The central bank had forecast 2017 inflation at 2.3 percent in September, before the annual inflation rate dropped to 2.04 percent in October as consumer food prices continued to retreat from a flooding-related spike this year.
“We’re seeing a rapid decrease in inflation,” Julio Velarde told journalists on the sidelines of an event. “We expect inflation to end the year at 1.9 to 2 percent and 2 percent next year.”
The outlook gives the bank more room to weigh cutting the benchmark interest rate for a fourth time this year as the economy recovers from a sharp slowdown.

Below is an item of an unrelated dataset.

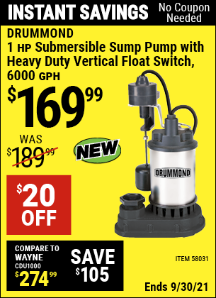 harbor freight sump pump prices

The market is divided about whether the bank will lower the rate on Thursday, with nine out of 14 analysts polled by Reuters forecasting a hold.
Velarde said year-on-year economic growth would likely quicken to at least 3.7 percent in the fourth quarter, though it probably would not change the bank’s view of a 2.8 percent expansion in all of 2017.
In September, the economy likely grew by at least 3 percent from the same month a year earlier thanks to mining and an ongoing recovery in construction activity, Velarde said.
Last week Velarde told Reuters the economy was improving faster than expected but that bets on a new rate cut this year likely grew after the drop in inflation in October.
The central bank aims to keep inflation between 1 and 3 percent. The rate has not dipped below 2 percent since 2009, during the global financial crisis.
Velarde has said that supply, not demand, was behind retreating consumer prices.